We will see two options, one for using a single proxy, and another for randomly rotating a set of proxies.

You need to have advertools installed for the single proxy case.

How to use a single proxy while crawling

import advertools as adv
adv.crawl(
    url_list="https://example.com",
    output_file="output.jsonl",
    meta={"proxy": "http://proxy_server:port"})

The proxy can also be set as well by including username and password like this http://username:password@proxy_server:port

How to use and rotate multiple proxies while crawling

For this you will need to install a special library for that, which is straightforward:

$ pip install scrapy-rotating-proxies

This package handles the proxy rotation for you, in addition to retries, so you don’t need to worry about those details.

Get a list of proxies and save them a text file, one proxy per line

These can be obtained from any proxy service provider. Save the list of proxies in a text file with the template:

https://username:password@IPADDRESS:PORT

Your file would like like this:

proxies.txt
https://user123:password123@12.34.56.78:1111
https://user123:password123@12.34.56.78:1112
https://user123:password123@12.34.56.78:1113
https://user123:password123@12.34.56.78:1114

Set a few custom_settings in the crawl function

We will be using the these custom settings: DOWNLOADER_MIDDLEWARES and ROTATING_PROXY_LIST_PATH.
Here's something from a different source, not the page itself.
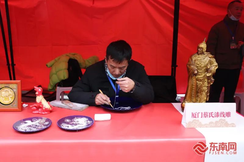 非遺傳承人現場制作廈門蔡氏漆線雕。東南網記者 周濤 攝

Then, you need to set a few custom_settings in the crawl function, and you’re done:

adv.crawl(
    "https://example.com",
    "output.jsonl",
    follow_links=True,
    custom_settings={
        "DOWNLOADER_MIDDLEWARES": {
            "rotating_proxies.middlewares.RotatingProxyMiddleware": 610,
            "rotating_proxies.middlewares.BanDetectionMiddleware": 620,
        },
        "ROTATING_PROXY_LIST_PATH": "proxies.txt", # or the full path to where you stored the file
    },
)

Reading the crawl file and seeing the proxies

crawldf = pd.read_json("output.jsonl", lines=True)
crawldf.filter(regex="proxy").head()  # get columns that contain "proxy"
.. proxy _rotating_proxy request_headers_proxy-authorization proxy_retry_times
0 https://123.456.789.101:8893 1 Basic b3VzY214dHg6ODlld29rMGRsdfgt nan
1 https://123.456.789.101:8894 1 Basic b3VzY214dHg6ODlld29rMGRsdfgt nan
2 https://123.456.789.101:8895 1 Basic b3VzY214dHg6ODlld29rMGRsdfgt nan
3 https://123.456.789.101:8896 1 Basic b3VzY214dHg6ODlld29rMGRsdfgt nan
4 https://123.456.789.101:8897 1 Basic b3VzY214dHg6ODlld29rMGRsdfgt nan

There are a few other settings that you might want to check out, which are available at the library’s documenation page.